_PROBLEM REQUIREMENTS_.
Within the entries below, please return exactly the lines from the one with "別荘管理の社員募集の情報発信" through the one with "2、点击AddFonts,添", leaving out any pictures.

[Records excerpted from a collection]
::::::::
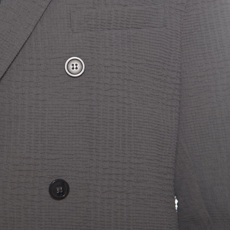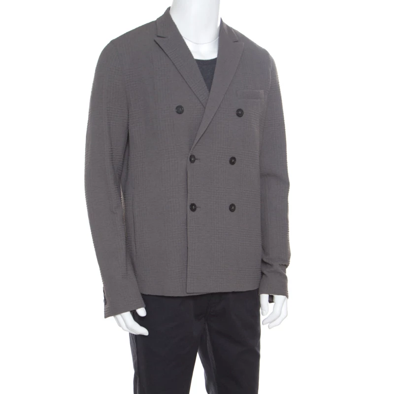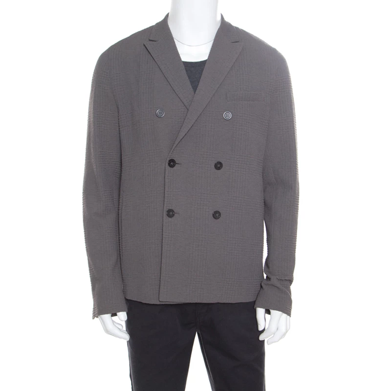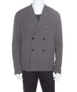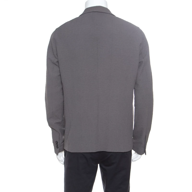 A blazer that can effortlessly enhance your formal outfits, this Emporio Armani blazer is cut to a fine-fitting structure featuring double-breasted design. Equipped with long sleeves and notched lapels, it carries a muted grey hue, making the piece equally understated and dapper. Crafted with a blend of fabrics, the blazer is ideal to add a subtle charm to your winter ensembles.
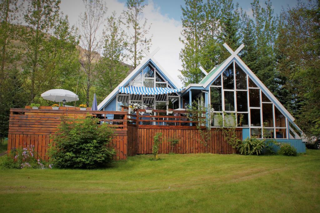 Puiden ympäröimä koti tarjoaa poikkeuksellisen suojan kuuluisaa Islannin tuulta vastaan ja tarjoaa vieraille mahdollisuuden nauttia yksityisistä ulkoilupalveluista, kuten ulkosuihkusta, jalkapallomaalista, leikkimökistä ja parvekkeelta, jossa on poreallas.
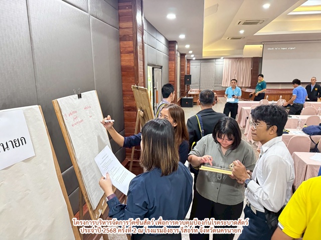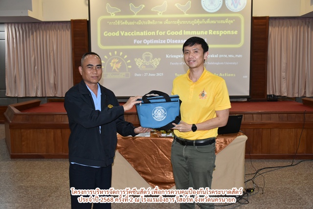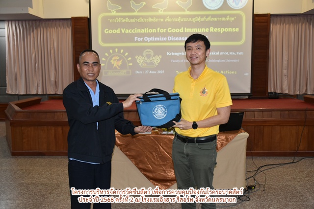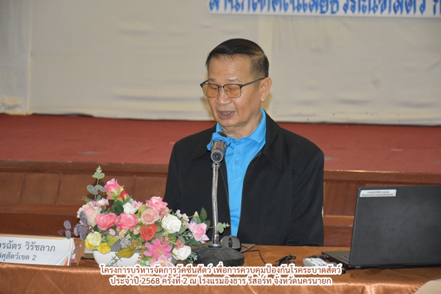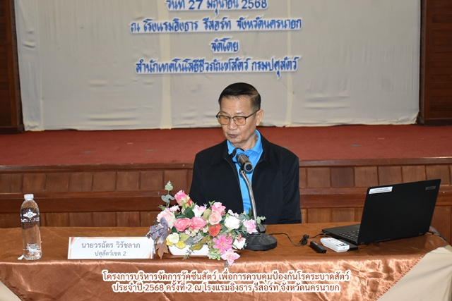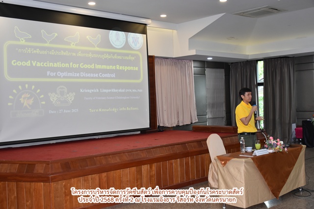 วันที่ 27 มิถุนายน 2568 นายวรฉัตร วิรัชลาภ ปศุสัตว์เขต 2 เป็นประธานเปิดการโครงการบริหารจัดการวัคซีนสัตว์เพื่อการควบคุมป้องกันโรคระบาดสัตว์ ประจำปี พ.ศ.2568 ครั้งที่ 2 จัดโดยสำนักเทคโนโลยีชีวภัณฑ์สัตว์ การจัดโครงการฝึกอบรมในครั้งนี้มีวัตถุประสงค์เพื่อการติดตาม ประเมินผล และวิเคราะห์สถานการณ์การใช้วัคซีนสัตว์ และเพื่อเพิ่มประสิทธิภาพการเบิกจ่ายวัคซีนให้ครอบคลุมและแม่นยำตามความต้องการในพื้นที่ และมีกลุ่มเป้าหมายเป็นเจ้าหน้าที่กรมปศุสัตว์ในสำนักงานปศุสัตว์เขต ปศุสัตว์จังหวัด ปศุสัตว์อำเภอ และอาสาปศุสัตว์ ในพื้นที่ปศุสัตว์เขต 2 ณ โรงแรมอิงธารรีสอร์ท จังหวัดนครนายก
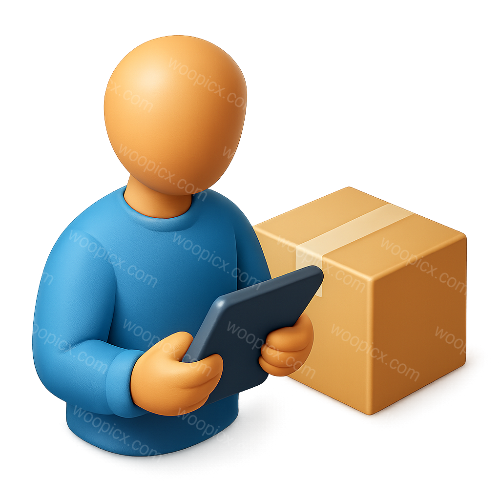 3D Package Icon Featuring Person with Box and Packages
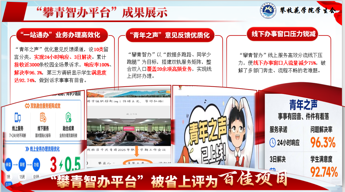 本次活动汇聚全省200余所学校的381个优质服务项目同台竞技,经前期推选、现场答辩等多轮严格遴选,最终我校“攀青智办”项目在众多项目中脱颖而出。
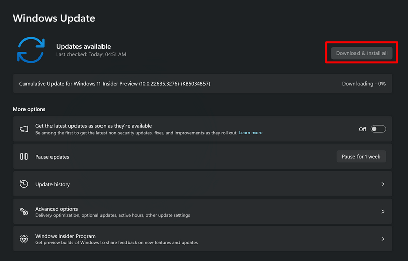 4.Miután a frissítések rendelkezésre állnak, automatikusan el kell kezdeniük a letöltést. Ha nem, kattintson aTöltse le és telepítse az összes gombota folyamat kezdeményezéséhez.
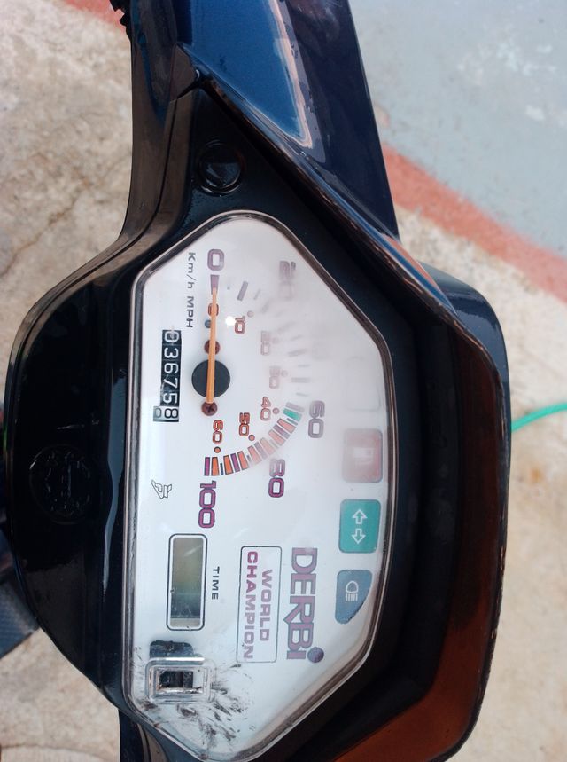 Panel de instrumentos para Derbi Variante Start. Muestra la velocidad en Km/h y MPH, junto con el kilometraje total. - Cuentakilómetros: 036758. -
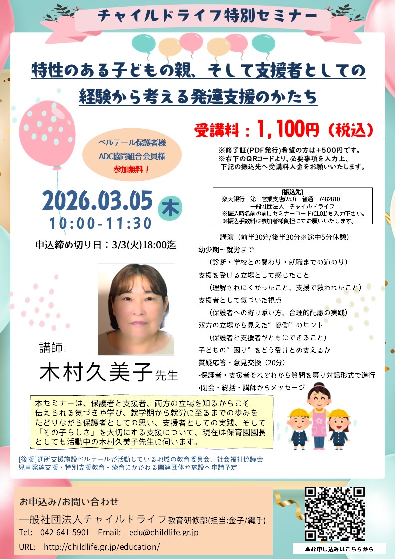 2025年度最後のオンラインセミナー としてチャイルドライフ特別セミナー「特性のある子どもの親、そして支援者としての経験から考える発達支援の形」を企画しました!
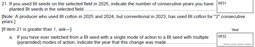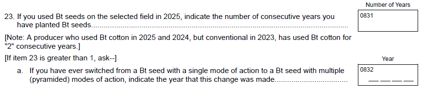 Question 21 (refuge to comply with Bt management guidelines) – Removed.
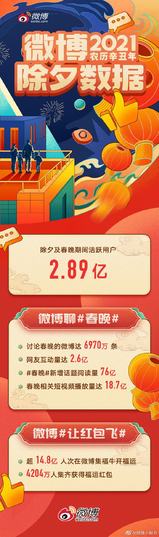 2月12日,微博公布了牛年除夕及春晚的相关数据。2月11日除夕及春晚期间,微博活跃用户数创新高达2.89亿。春晚直播期间,微博上讨论春晚的内容超6970万条,网友互动量超过2.6亿,#春晚#话题新增阅读量76亿,春晚相关短视频播放量达18.7亿。
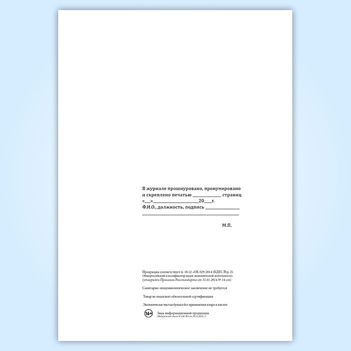 Вы получаете печатную продукцию прошнурованной и c местом для вашей печати в соответствии с действующими нормативными документами:
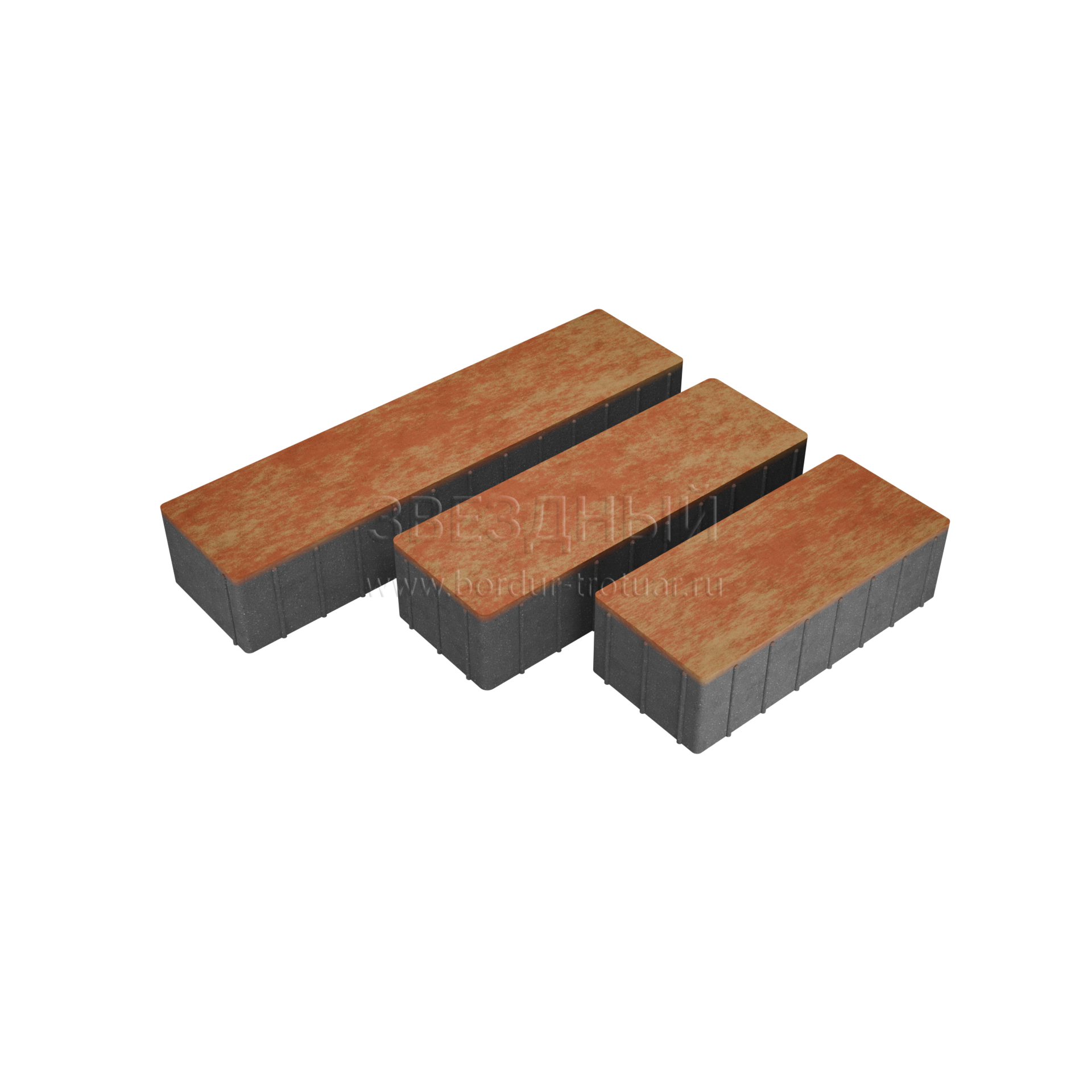 Тротуарная плитка "Ригель Трио" 80 мм (Color Mix) (Огненный опал) ГОСТ 17608-2017 (тяжелый бетон)
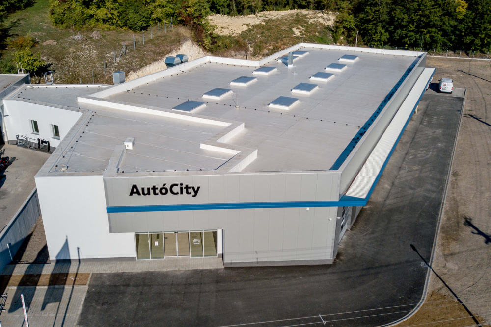 Az év elején egy 1300 m2-es karosszériajavító csarnokot építettek Pécsen az Autocity márkakereskedés és szerviz megbízásából, ahol a rácstartós acélszerkezetű lapostetős csarnoképületet 150 milliméter profilmagasságú teherhordó trapézlemezre készített hőszigetelt lágyfedéses födém fedi, az oldalfalakon 100 milliméter vastag poliuretán mag hőszigetelésű szendvicspanel burkolattal. A projekt mindössze 6 hónap alatt valósult meg.
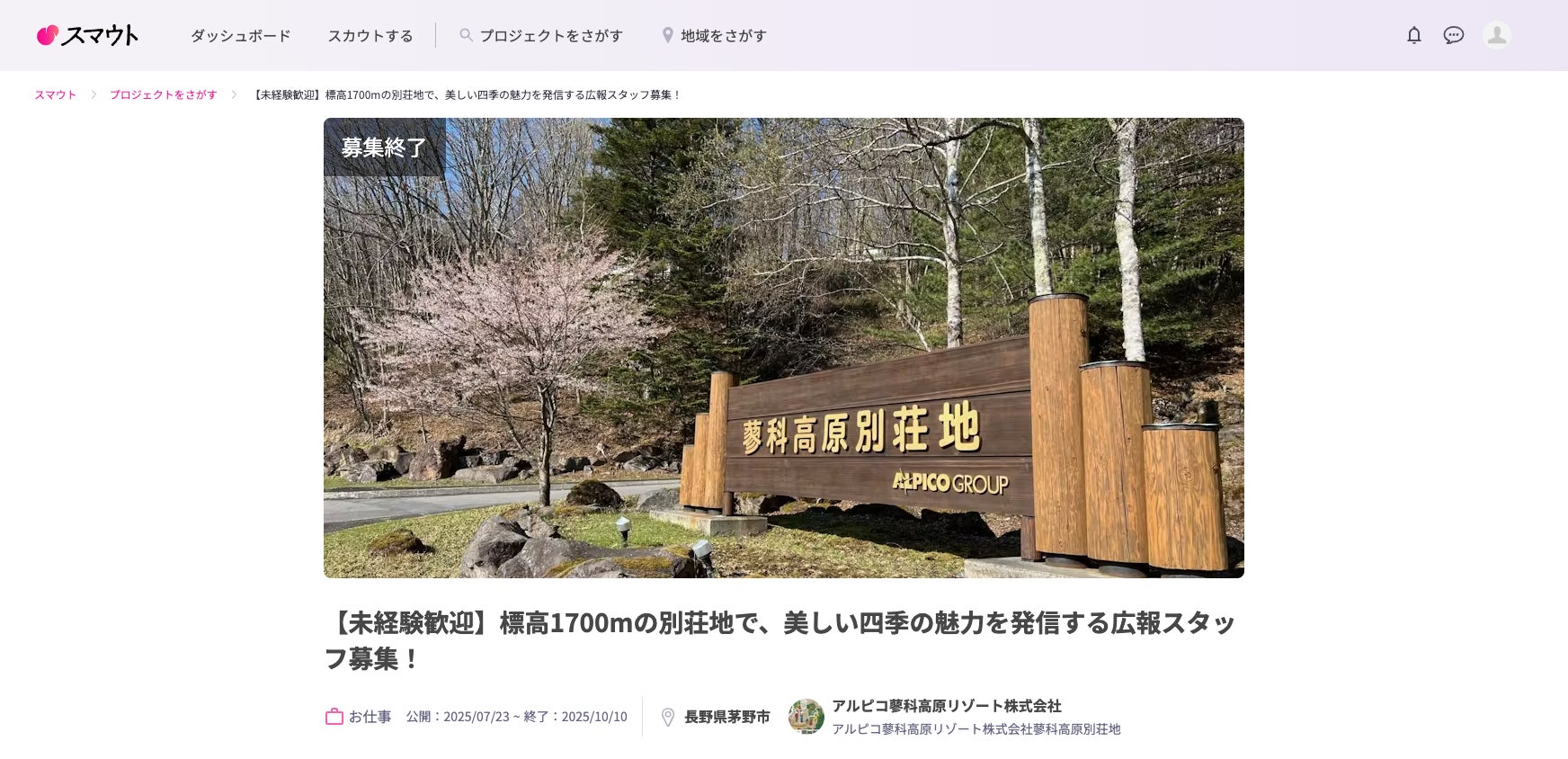 別荘管理の社員募集の情報発信を行いました。(※実際の記事:【未経験歓迎】標高1700mの別荘地で、美しい四季の魅力を発信する広報スタッフ募集!)
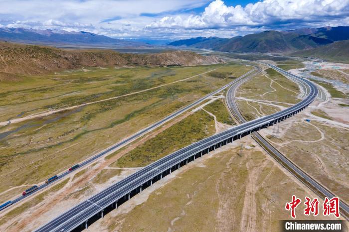 那拉高速(畫面下方)、青藏公路和遠處的雪山。 江飛波 攝
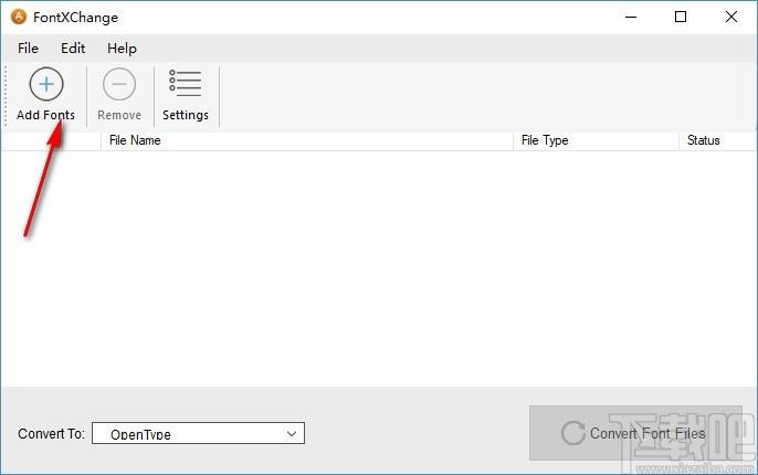 2、点击AddFonts,添加字体,选择需要进行转换的字体,添加至软件,由于小编电脑没有字体文件,无法添加
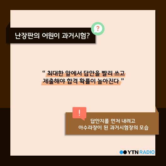 ◆ 김준우> 네, 자리 맡아야 해요. 일찍 가서 그 앞자리를 맡는 게 굉장히 중요합니다. 이게 또 왜 중요하냐면, 기록에 의하면 이런 상소가 올라와요. 과거시험장에서 사람들이 답안지를 제출했는데, 합격생의 답안지를 살펴보니 앞에 300장에서 다 나왔더라. 아까 이야기했잖아요. 3만 몇 장을 냈다고요. 그런데 앞 300장에서 이미 합격자가 다 나와 버렸더라. 그거 언제 다 채점하고 있느냐고 해서 앞에서만 채점을 한 것이죠. 그러니까 사람들이 최대한 앞에 가서 빨리 문제 보고, 답안 빨리 쓰고, 빨리 제출해야 합격 확률이 높아진다는 거예요. 그래서 너도 나도 앞자리를 맡으려고 밀치고, 때리고, 답안지 먼저 내려고 아수라장이 된 것이죠. 실제로 난장판의 어원이 난장, 어지러울 난(亂) 자에 장, 과거시험 장(場)을 뜻해요. 그 과거시험장의 모습을 난장판이라고 얘기하는 거죠.
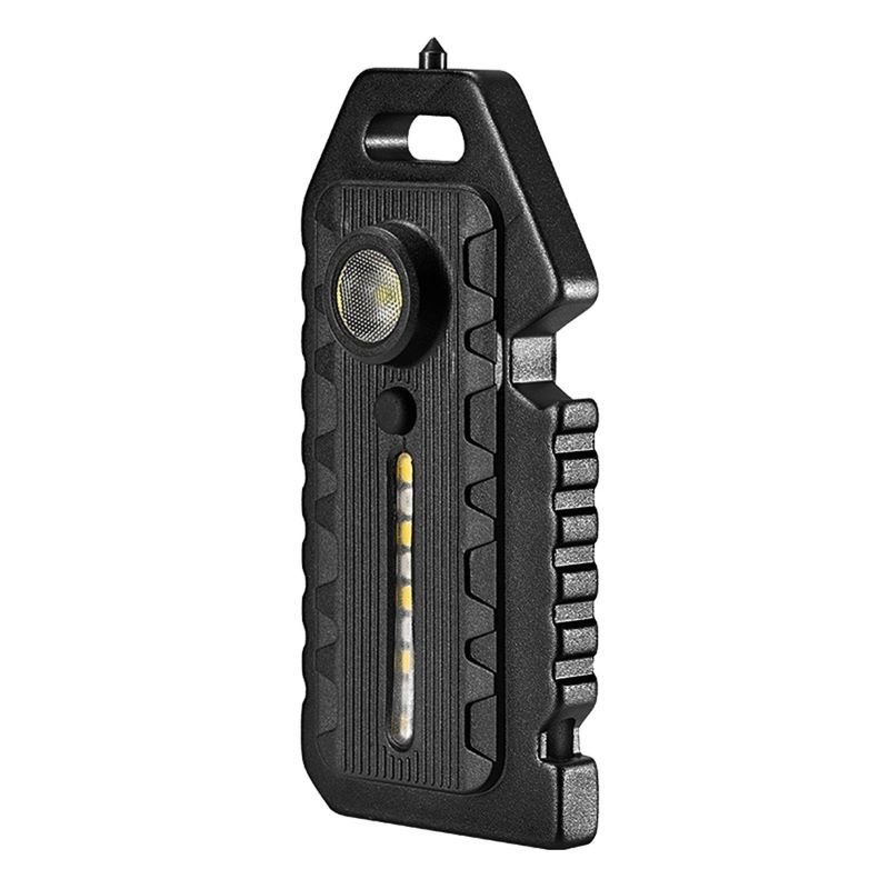 Multi-functional design with bottle opener, emergency window breaking hammer, survival whistle, and warning light.
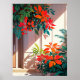 Eine lebendige und ruhige botanische Illustration mit üppigen tropischen Pflanze und rot-orangefarbenen Blätter, die in warmer Sonne baden. Die sanften Schatten und der moderne Eingangsbereich schaffen eine ruhige und sommerliche Atmosphäre. Ideal für Naturliebhaber, die ein minimales tropisches Design und eine gemütliche Wohngestaltung lieben.
::::::::
_EXERCISE SOLUTION_.
 別荘管理の社員募集の情報発信を行いました。(※実際の記事:【未経験歓迎】標高1700mの別荘地で、美しい四季の魅力を発信する広報スタッフ募集!)
 那拉高速(畫面下方)、青藏公路和遠處的雪山。 江飛波 攝
 2、点击AddFonts,添加字体,选择需要进行转换的字体,添加至软件,由于小编电脑没有字体文件,无法添加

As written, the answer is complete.